Sales were 23,575 compared with 17,244 a year earlier, according to Wards. First-quarter sales climbed 16.5% to 59,754 compared with 51,271 in the same 2020 period.
Class 7 was the only segment to post a decline. It dropped 16.6% to 4,343 compared with 5,205 a year earlier.
In Class 7, Freightliner led with 2,042 sales and notched a 46% market share. International, a brand of Navistar Inc., was next with 949 sales. Peterbilt Motors Co., a unit of Paccar Inc., was third with 789.
Freightliner is a unit of Daimler Trucks North America.
Class 6 sales rose 66.7% to 6,672 compared with 4,003 in the 2020 period. Freightliner sold a leading 2,426, in its typical back-and-forth with Ford Motor Co., which sold 2,101.
“The lease rental guys [that rely on Class 6 trucks] were huge in the market in 2019 but only participated in the market in 2020 in almost a perfunctory fashion,” said ACT Research Vice President Steve Tam. “So the 6,672 against 4,003 is largely a story of an easy comparable.”
Tam said 6,600 or so was about the number of sales averaged on a monthly basis in 2019. In 2018 the average was about 6,000.
“I don’t want to discount the March number in Class 6 and say it’s a return to normal, it’s a little bit above normal,” he said, “but it’s not as impressive as the year-over-year comp makes it sound.”
That is not true for Classes 4-5, Tam said, as March sales climbed 56.3% to 12,560.
In the lighter classes, Class 5 had the preponderance of sales with 10,117, up from 6,241 a year earlier.

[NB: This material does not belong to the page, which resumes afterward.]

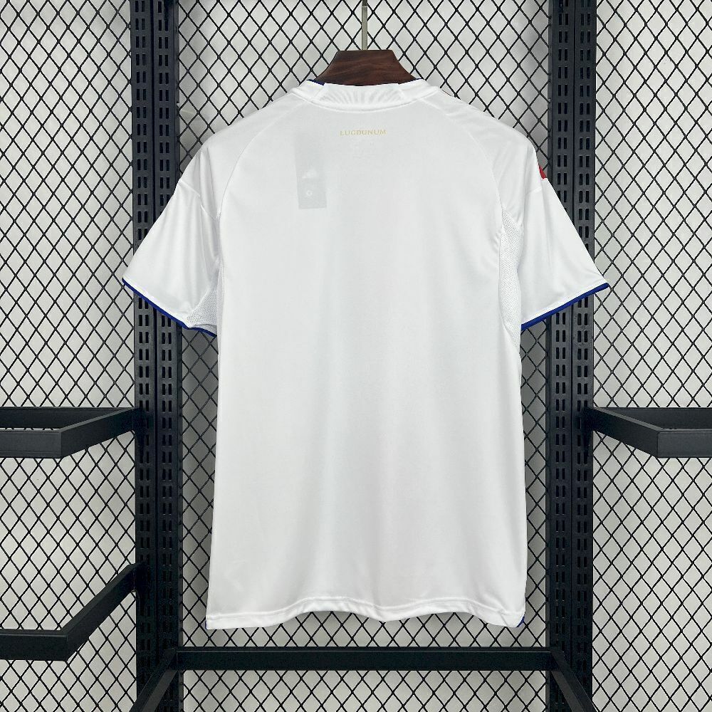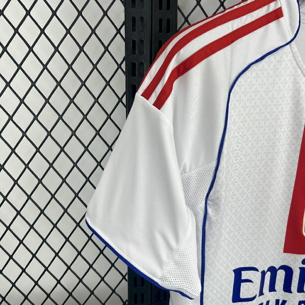 Para a temporada 2025/26, o Lyon apresenta uma camisa titular exclusiva, inspirada nas raízes ancestrais da cidade de Lyon. Com uma base branca e clean, a camisa é definida por uma marcante faixa central vermelha e azul, um símbolo icônico do clube, sobreposta a um refinado padrão de mosaico galo-romano estampado na frente. Este design é uma homenagem sutil, porém poderosa, ao legado histórico da capital da Gália. Um detalhe exclusivo "Lugdunum" na parte de trás da gola aprofunda a conexão entre a identidade do clube e a herança do Lyon. Mais do que uma camisa, é uma declaração de paixão e pertencimento, conectando um passado glorioso e um futuro ambicioso.

Ford sold 5,485, good for a 54.2% market share. Stellantis N.V. was next with its Ram model and sales of 2,267.
Isuzu Commercial Truck of America once again led in Class 4 with sales of 1,207 out of a total 2,443, compared with total sales in Class 4 of 1,795 a year earlier.
“I think that’s more a story of e-commerce, online buying and home delivery. All the kinds of consumer buying and distribution patterns that are morphing right now,” he said. “So much of that is the final-mile or last-mile delivery taking place in smaller vehicles.”

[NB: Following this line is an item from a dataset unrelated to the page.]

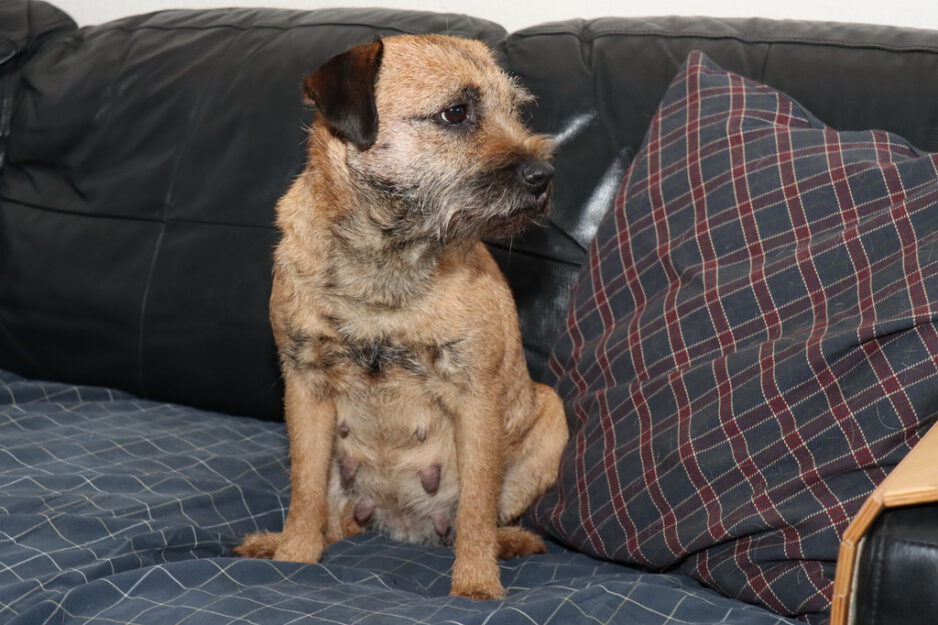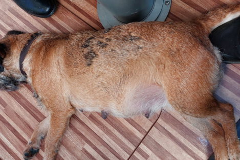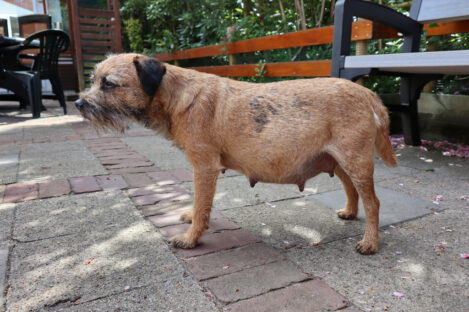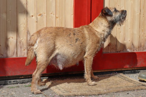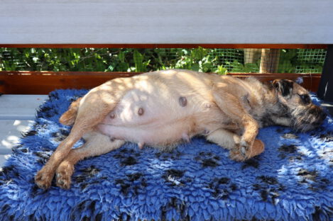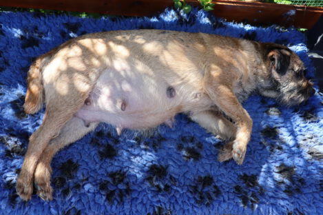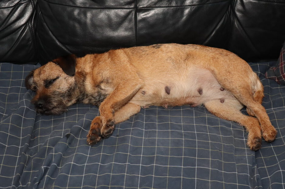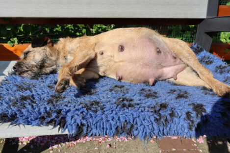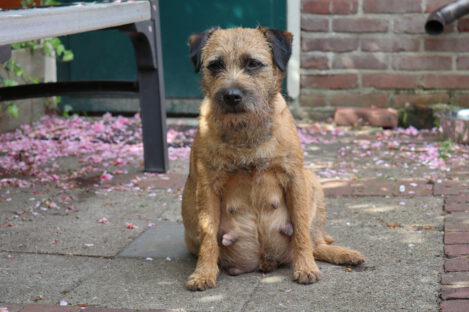 Jane blijft lekker doorgroeien. Haar tepels en melklijsten zijn nog groter geworden. Als je op haar rug kijkt zie je goed dat ze aan het uitdijen is. We zijn benieuwd hoeveel pups het gaan worden.

He pointed out new entrants like Amazon are entering the space and buying their own trucks to displace parcel carriers and the postal service. “So the new Amazon trucks are brand-new capacity. That’s excess capacity.”
Tam said there will be this transition period of that excess capacity and “the other providers are either going to have to find new work or rationalize their fleet.”